In the mid-90s, I worked for a big securities firm, as head of marketing. I was proud of the fact that under my leadership we developed one of the first on-line interactive retirement planning tools. My big contribution was that I made sure the plan could assume different retirement ages for the husband and wife. Up until that point, there was just one retirement age…his.
I played with the system a lot, and kept trying to make the numbers work with the wife retiring at an age like…oh, say, 47. It never did work, and it was the first time I realized that all the talk then about early retirement might just be a lot of talk.
Flash forward to now. After leaving the company and starting my own practice, which was a variable blend of writing, talking and coaching, I kind of figured that mix was going to be my working life until I headed off to the Hebrew Home for the Aged. Then life surprised me, and I accidentally started a new business six months ago.
The business is a high tech firm that specializes in helping people get the most out of their careers, businesses, and life.
What I have learned is that I’m not alone in having a less than tidy career. Very few people have perfect career plans, and no one has simple career trajectories. What many of us have learned is that not only is no one retiring at 47, very few of us would be smart to retire at 57, or even 67. As I write this, the economy looks at best, unpredictable, and anyway, tomatoes are meant for more than three decades of trying to find ways to fill the day.

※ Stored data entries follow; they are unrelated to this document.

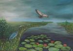 2010Reiger en buizerd azen op een lekkere kikker. Voor elk is er een (rechtsonder), maar ze kunnen nog wegspringen.
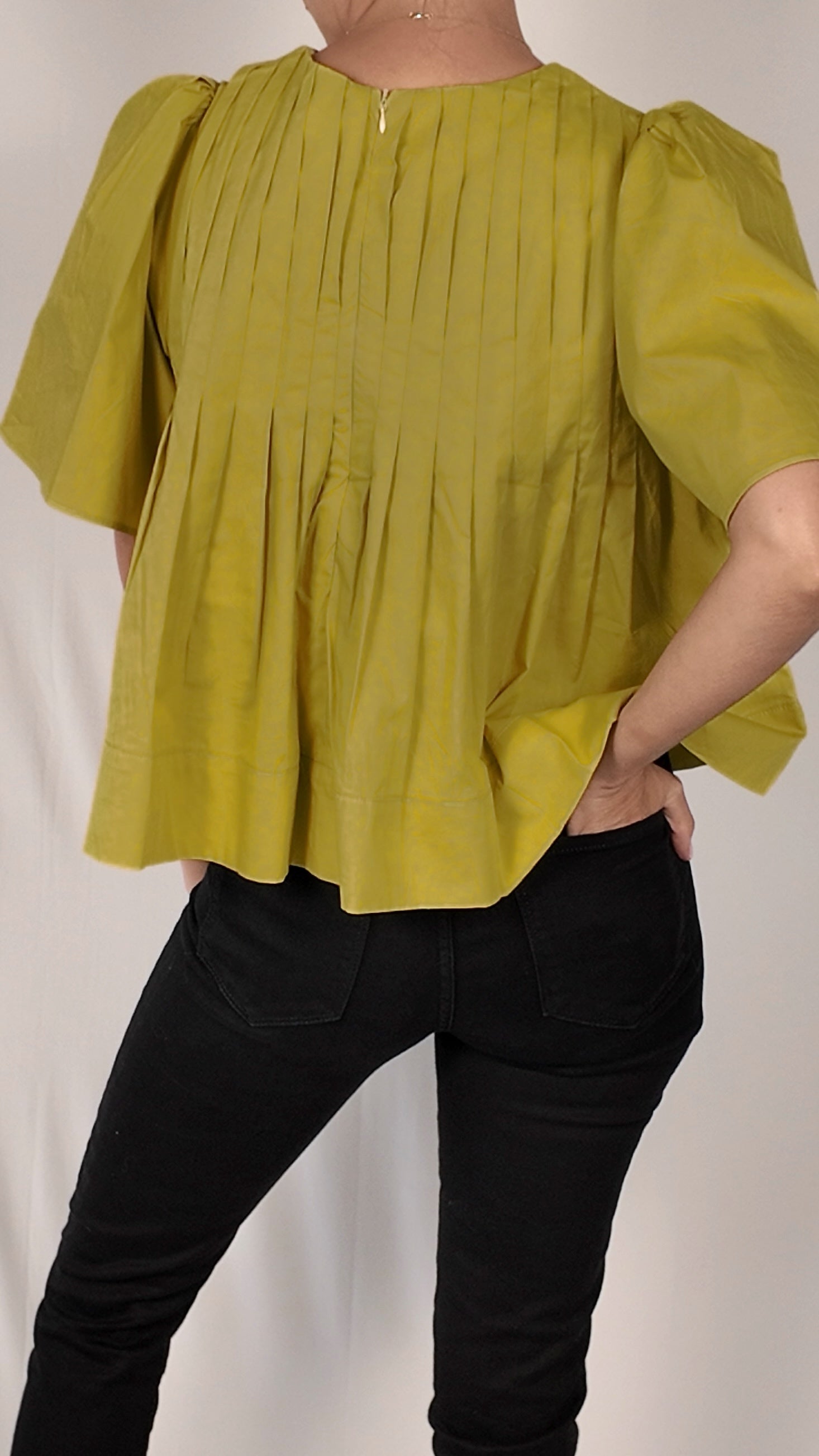 This pleated top features a round neckline, flared short sleeves, and a semi-cropped babydoll fit. It is lined and has a hidden zipper at the back, made from 100% cotton for comfort.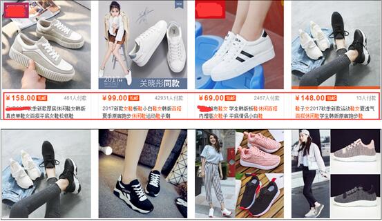 “休闲鞋”和“运动鞋”,尤其是女款,很多的宝贝标题中,都会同时有这两个关键词,但是大家同时去搜索一下这两个词:休闲鞋女 小白鞋、运动鞋女 小白鞋,你会发现出现的搜索结果页面,重复的商品非常非常的少。

What that means for tomatoes is that we have to once again how to figure out what we are going to be when we grow up.
There are a lot of great tools and advice books and coaches to help you figure out how to do this, but they all start at the same place…frog kissing.
Frog kissing means the messy process of talking to a bunch of other people about what they do, to see if any of it sounds like something you want to do, and then taking a stab at doing that, and seeing if it works.
The bad news is that this can be really frustrating and you can sound like an idiot while you’re in the midst of it. The good new is that it works. And that you can meet a lot of great people along the way, and find a new set of relationships and activities that keep tomatoes saucy instead of soggy.
In my case, I now realize I have been thinking about doing something else for a while. I had this impulse to do something with women and video, but long after YouTube owned that space. Then I wanted to do something with wellness, until a friend who had almost gone bankrupt in a health care business asked me a lot of questions about the idea that I couldn’t answer. Then I thought I would get a PR firm to take me on as a senior advisor in some capacity until I actually met with a few and found out they didn’t think it was as good an idea as I did.
Every one of these frog kisses took me to my new shining prince of a business. Not by the fastest route, but by the one that came from a deeper place in me, which feels like the freedom we grown up women get in return for decades of pleasing others first.
Which brings me to the realization that I have two pieces of advice, not one. When getting ready for a career transition, you need to both kiss frogs…and tell. Telling other people what you need and want is how we get ready to star in our next act.